*Data to process*:
------------------------------------------------------------

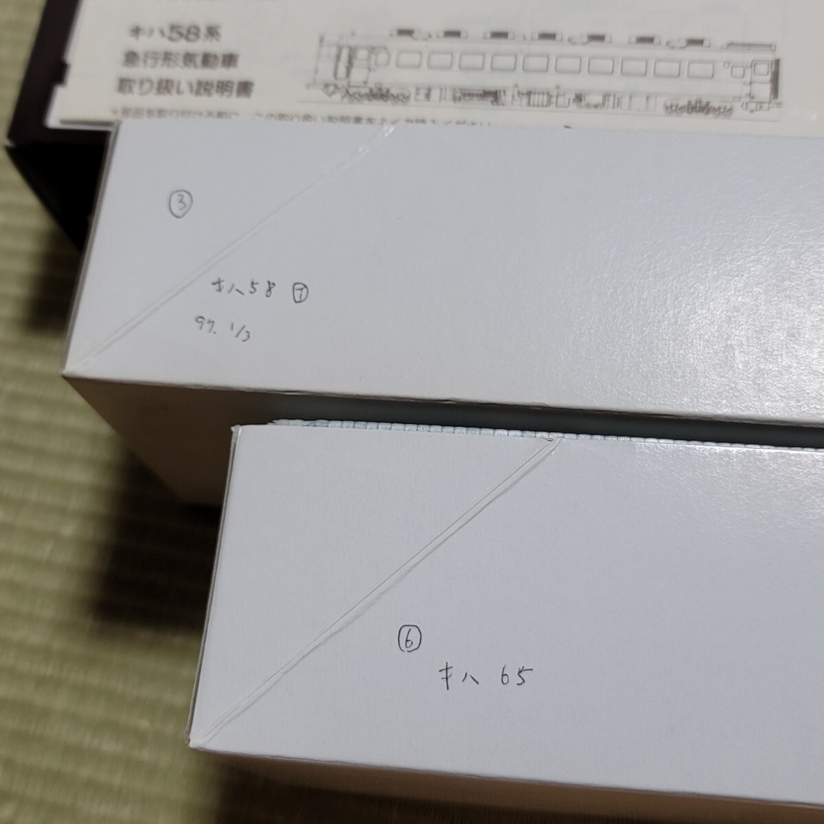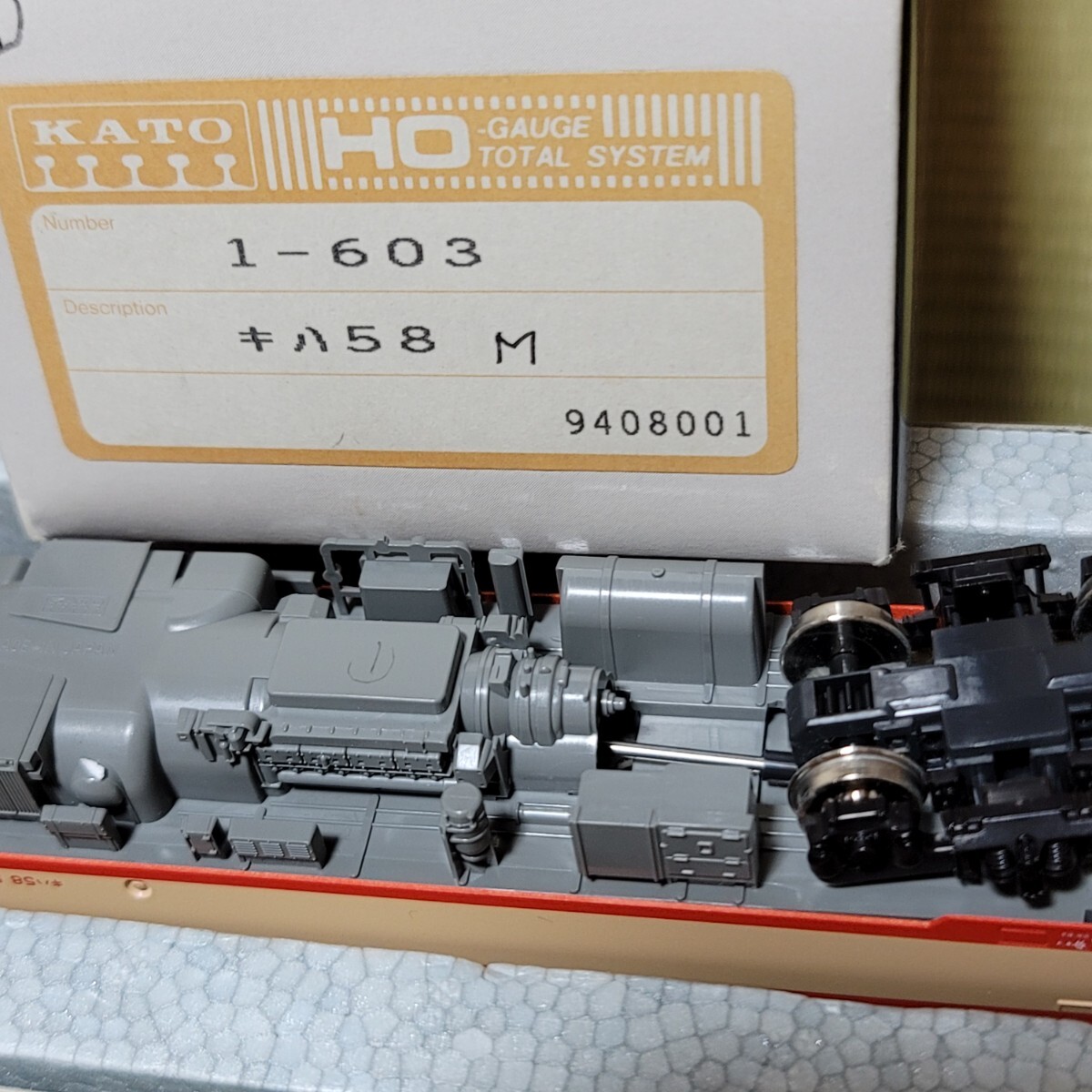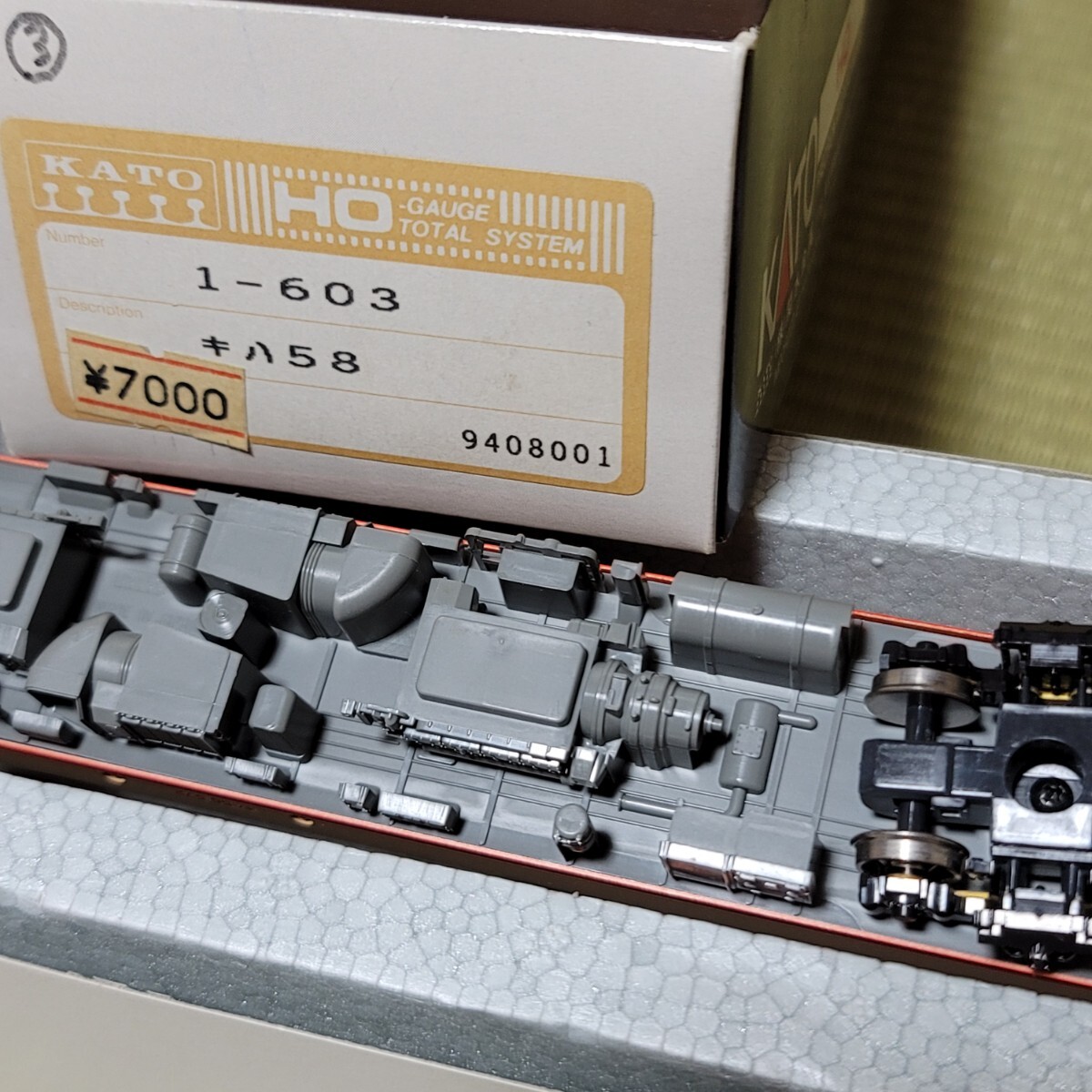 1-603のキハ58ですが、箱に手書きでMと書いており、裏を見ると真ん中に軸の様な物がついているので、改造していると思われます。画像に2台の比較がありますので、ご覧下さいませ。
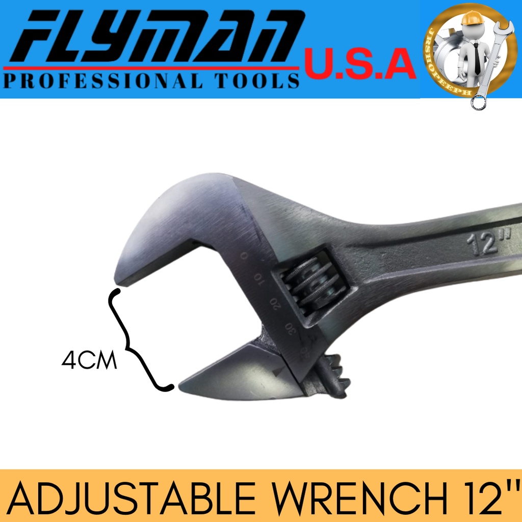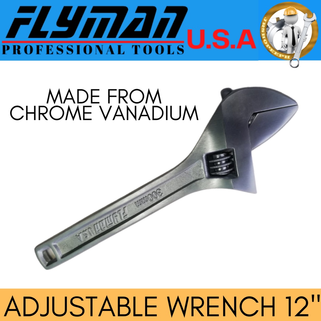 Flyman Adjustable Wrench Katala 12'' Made From Chrome Vanadium Steel Heavy Duty
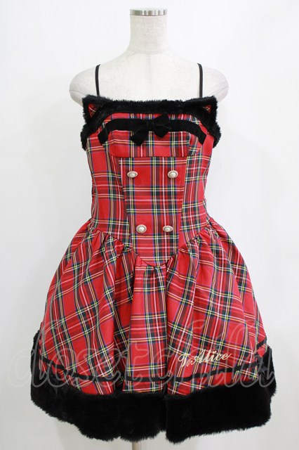 To Alice / ブラックキャットチェックジャンパースカート L レッド H-26-01-23-017-LO-OP-NS-ZH
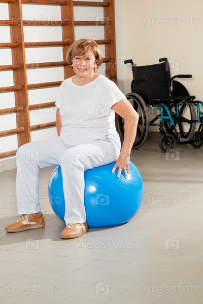 Пожилая женщина сидит на фитболе
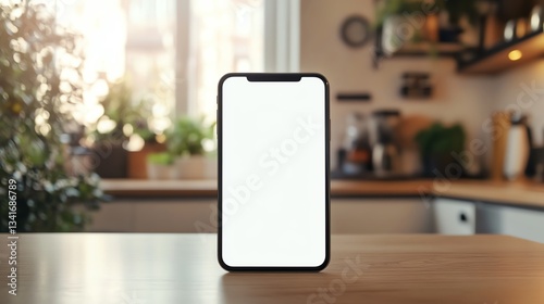 Smartphone blank white screen mockup on kitchen table in cozy home setting.
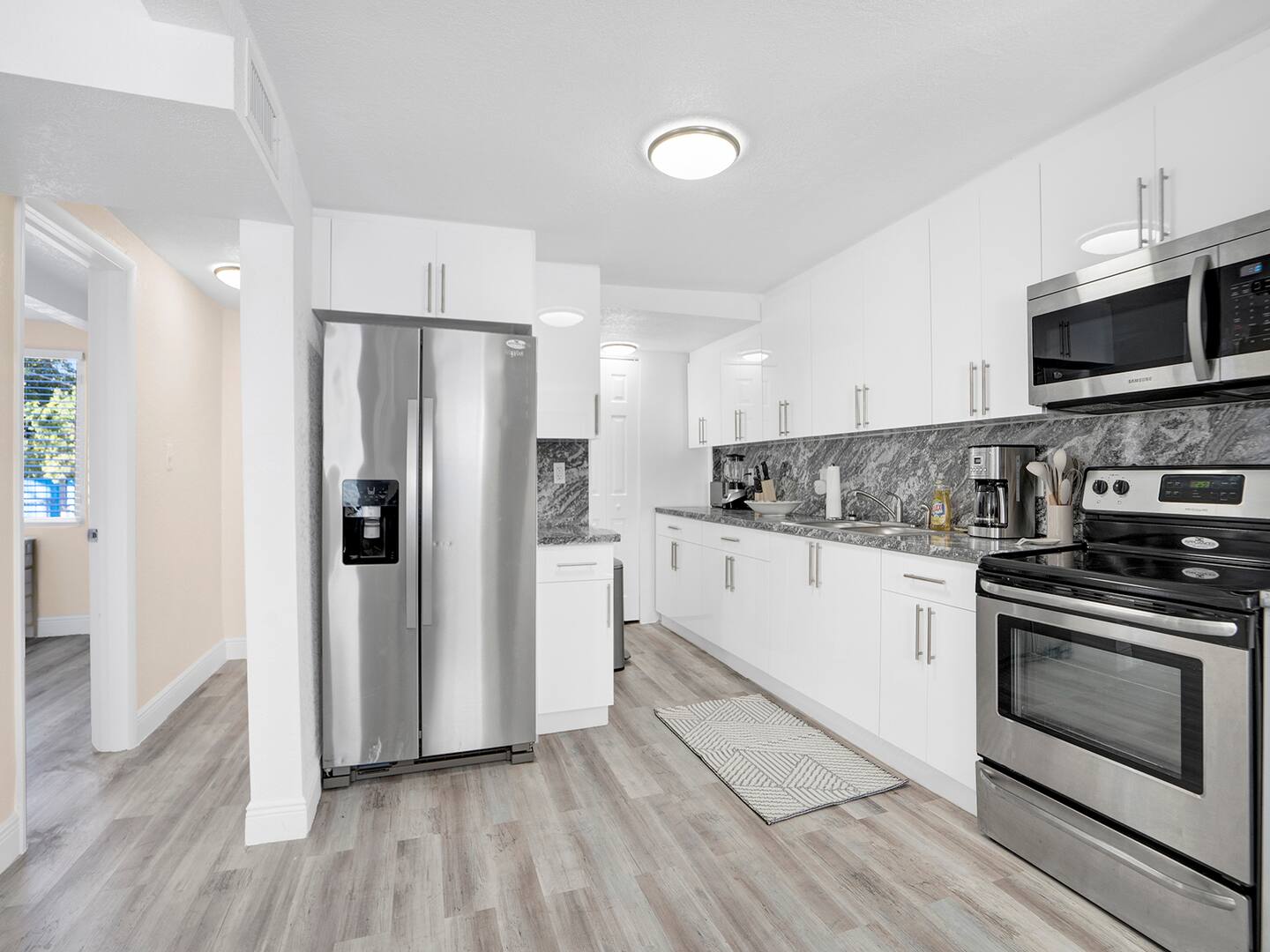 • Fully stocked kitchen with stainless steel appliances, washer/dryer, dishwasher, pots/pans, coffee maker, toaster and dishes, glasses and mugs.
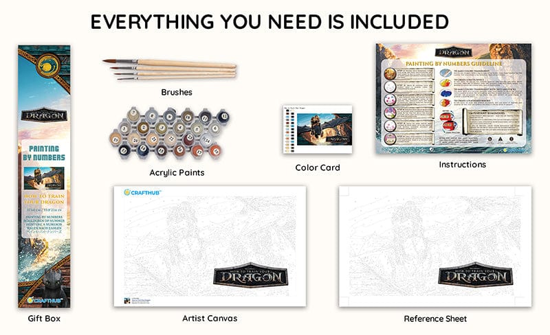 All our Canvas by Numbers painting kits include everything you need: a finely woven linen blend canvas, a pre-mixed acrylic-based paint set, four artist-quality wood paint brushes, a reference sheet of the canvas, and a helpful “Getting Started” quick guide.
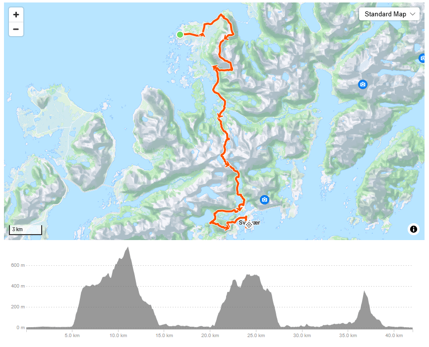 Vi er glade for å kunne introdusere 42km i 2026. Vi drar starten på denne tilbake til Laukvika. Buss til start vil bli inkludert for alle deltakere på maratondistansen. Løypa vil gå over Matmora, opp fra Haugen Gård, ny sti over Isvatnryggen (gammel ferdselssti), forbi Botnvatnet, ned til Sætra (nykloppet ved rørgata), ut til Røde Kors, forbi Strandelva, inn i Kongsmarka ved Lille Kongsvatn, over skibrua ved demninga, over Tjeldbergtinden og i mål i Svolvær. 42km og ca 2000 høydemeter. Aldersgrense: 18 år.
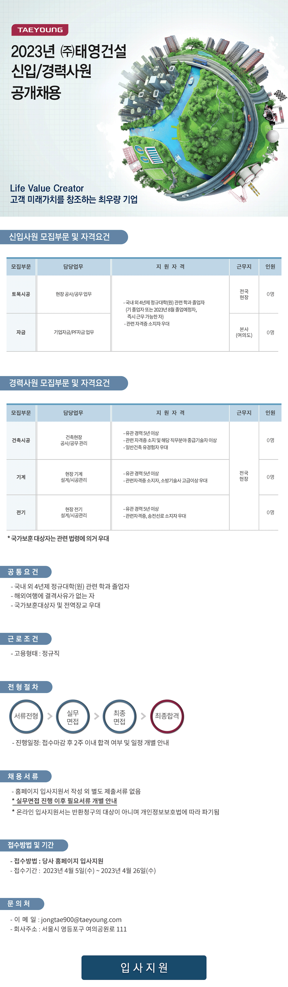 입사희망자는 4월 26일까지 태영건설 홈페이지에서 온라인 입사지원하면 된다.
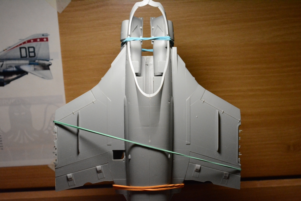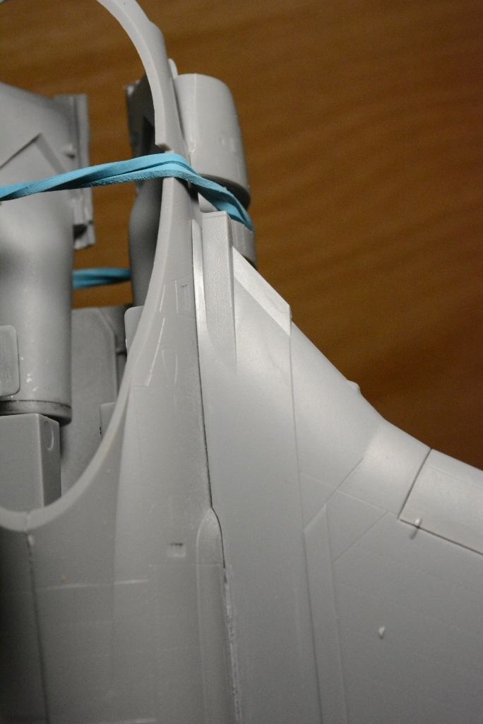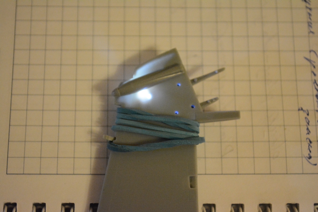 Мне кажется я давно так не залипал на стадии сборки, но что есть то есть... Сначала была неудача попытка приклеить левое крыло. В процессе работы намазал все клеем, а крыло встать как надо отказалось и клеи как назло схватился почти сразу же, в один момент я даже стал бояться что сломаю фюзеляж к чертям пока пытался вытащить крыло обратно. Вообщем с грехом пополам крылья воткнул, но щели оказались адовые!!! Дальше больше - чтоб хоть как-то минимизировать щели я промазывал их клеем и держал минут по 15-20 в стянутом положении. Все вроде бы ничего в каких т оместах щели пропадали, но спустя 1-2ч (мб и больше) все мои стяжки под упругостью жесткого пластика расходились обратно. Итак с клеем пока отложил попытки и начинаю заделывать щели шпаклевкой. Промазываем, ждем когда подсохнет, убираем лишнее и шлифуем... процесс видимо немного затянется, пока не удастся свести щели к нулю!
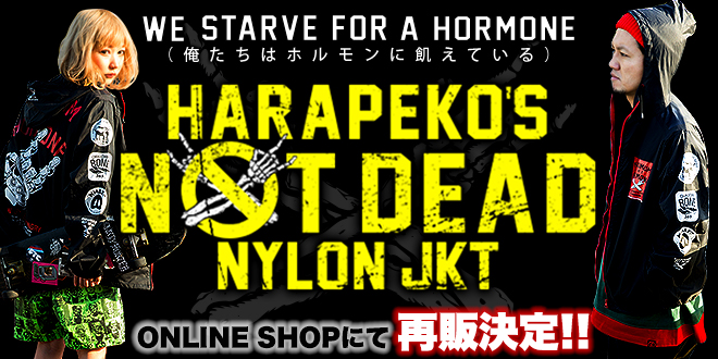 先月、復刻しました“ホルモンパーカー2”に続き、前回大変ご好評いただきました“HARAPEKO’S NOT DEAD ナイロンジャケット”が再入荷しました!
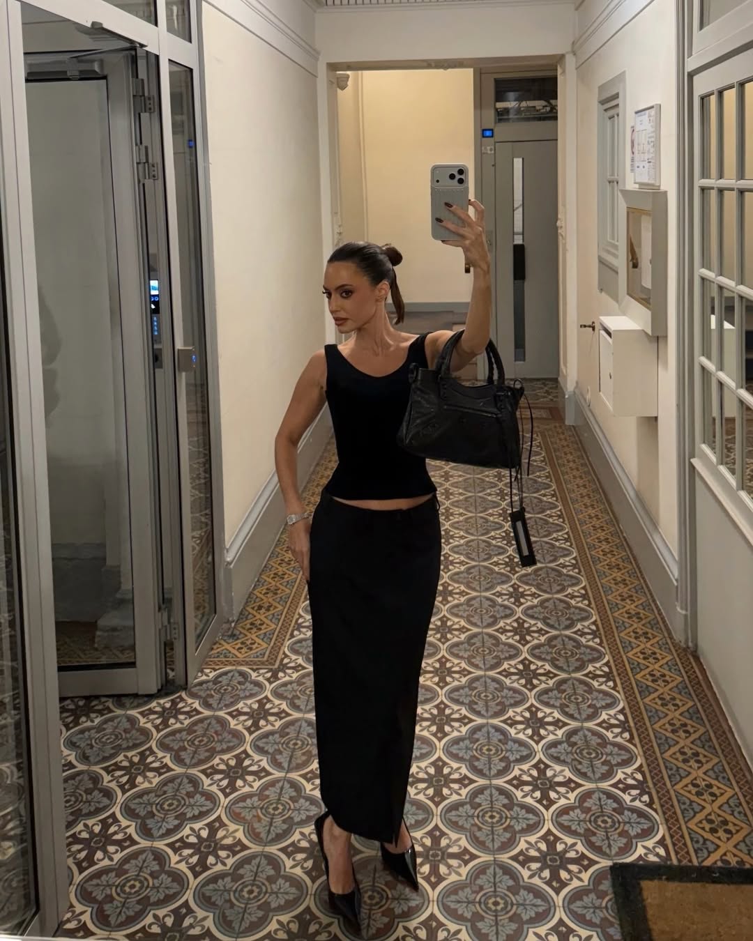 أما كارن وازن فاختارت إطلالة كلاسيكية مفعمة بالثقة خلال حضورها عرض "بالنسياغا". ارتدت كروب توب مع تنورة طويلة باللون الأسود، عكست فيها هوية الدار المتمردة بلمسة أنثوية، مع المحافظة على البساطة والجرأة في آنٍ واحد.

------------------------------------------------------------

*Exercise details*: Word for word and without pictures, please write out only the lines from the start of the entries through the line containing "All our Canvas", both included.

*Answer to this problem*:
 1-603のキハ58ですが、箱に手書きでMと書いており、裏を見ると真ん中に軸の様な物がついているので、改造していると思われます。画像に2台の比較がありますので、ご覧下さいませ。
 Flyman Adjustable Wrench Katala 12'' Made From Chrome Vanadium Steel Heavy Duty
 To Alice / ブラックキャットチェックジャンパースカート L レッド H-26-01-23-017-LO-OP-NS-ZH
 Пожилая женщина сидит на фитболе
 Smartphone blank white screen mockup on kitchen table in cozy home setting.
 • Fully stocked kitchen with stainless steel appliances, washer/dryer, dishwasher, pots/pans, coffee maker, toaster and dishes, glasses and mugs.
 All our Canvas by Numbers painting kits include everything you need: a finely woven linen blend canvas, a pre-mixed acrylic-based paint set, four artist-quality wood paint brushes, a reference sheet of the canvas, and a helpful “Getting Started” quick guide.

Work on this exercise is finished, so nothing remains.